Вкупе с нежеланием очередного эксцесса, я попытался остановить сближение. Получилось. Дальше я просто тал рассматривать ее со всех сторон. Ощущения пространства не было, поэтому это либо я крутился с бешеной скоростью вокруг казавшейся игрушечной башни, либо она повиновалась моей воли, представая со всех сторон. Постепенно я стал замечать некую коконообразную почти полностью прозрачную пленку, заключившую в себя башню. Один поток наблюдал за пленкой, второй осматривал башню. Крыльцо было достаточно простым, слегка выступая вперед. Перила, лежащие на маленьких подобиях двух столбов, держащих козырек, напоминали мне семейный садовый домик. Несколько широких ступенек. Простая плита двери с молоточком в виде кольца с двумя нанизанными на него шариками. За один оно крепилось, видимо, к двери, вторым ударяли.

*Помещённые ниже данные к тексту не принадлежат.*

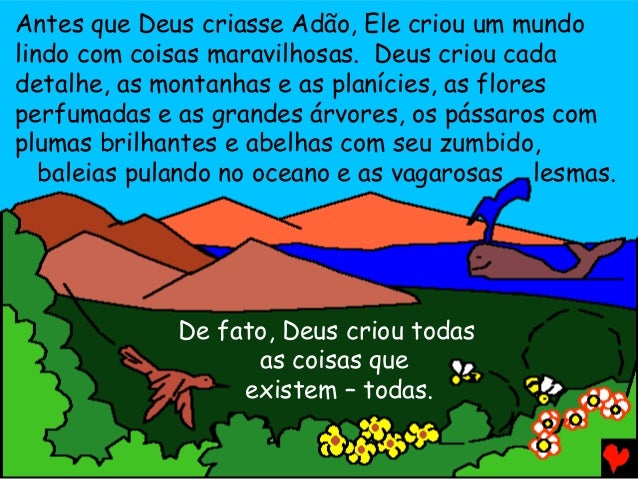 Ele fez o mundo em 6 dias e no sétimo descansou.Primeiro dia: Criação do dia e da noite. Segundo dia: Separação entre águas e céus Terceiro dia: Formação de terra seca em meio às águas que chamou de mares. E na terra seca fez nascer árvores frutíferas, ervas e toda sorte de vegetais. Quarto dia: Criação do sol, da lua e das estrelas. Quinto dia: Criação dos animais aquáticos e aves. Sexto dia: Criação dos animais terrestres e do homem. Sétimo dia: Descansou de toda a sua obra, que Deus criara e fizera.

Еще два таких же кольца располагались на месте ручек так, что было непонятно, в какую сторону открывается дверь.
Внезапно я почувствовал, что меня с силой куда-то тащат. От неожиданности я и не подумал сопротивляться.

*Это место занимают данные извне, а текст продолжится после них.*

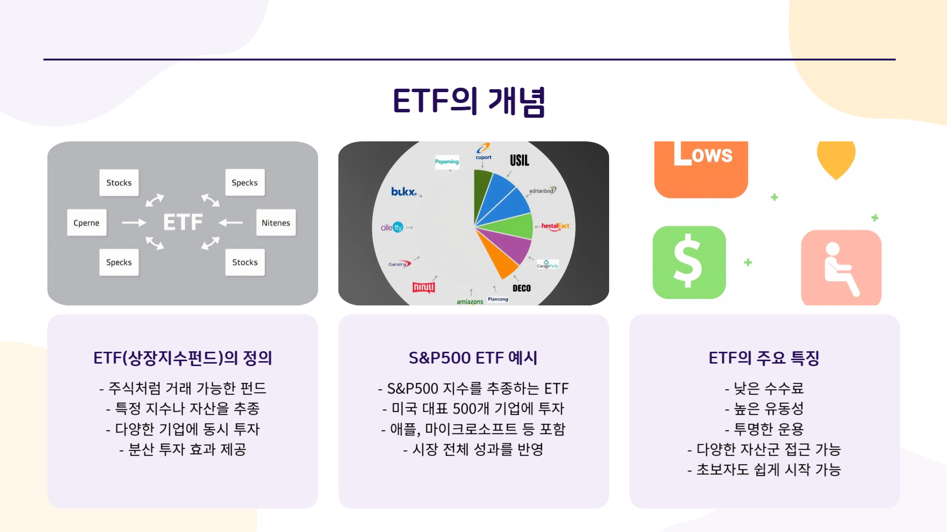 ETF는 주식처럼 사고팔 수 있는 펀드 상품이에요. 예를 들어, S&P500이라는 미국 주식 지수를 따라가는 ETF를 사면, 미국을 대표하는 500개 기업에 자동으로 투자하는 셈이죠. 애플, 마이크로소프트, 구글 같은 기업들이 포함돼 있어요.

Дикая, всепоглощающая боль, кошмарная и нереальная, поглотила меня целиком. После внезапного резкого увеличения красного шарика сознание помутилось. Единственная мысль, утопающая в океане боли, говорила о том, что я вернулся в тело, в котором мне когда-то было слишком больно существовать. Была ли боль самовнушением? Этот вопрос тогда даже не стоял.
Судорога свела все мышцы, скрючив лежащее тело. Волны боли после резкого скачка так же быстро опали. Нет, они по-прежнему бились об утес моего сознания, но я увидел знакомое крыльцо, и больше меня ничего не волновало. Обрадовался, побежал к спасительному дому. Мне что-то перегородило дорогу. Но ужас повторения боли, оставшейся где-то позади, дал сил пробиться к спасительным перилам, к одному из столбиков которых и прижался маленький мальчик, не сумевший открыть дверь.
Боль, непонимание и желание спрятаться только и теснились в моей голове. Я плакал и звал папу, который однажды уже защитил от злой осы и выполол жгучую крапиву. А крапива шуршала где-то рядом, заставляя содрогаться всем обожжённым тельцем. Внезапно ее жгучие стебли схватили меня, пытаясь утащить, лишить последней защиты, замучить до конца. Я взвыл, обхватив руками и ногами столбик, не желая наступления конца. Мама говорила, что когда-то всех настигает конец. А я не хотел. Я держался, тихо скуля от боли, бессилия и непонимания — я всего лишь смотрел на веселенький цветочек, который весело улыбался мне.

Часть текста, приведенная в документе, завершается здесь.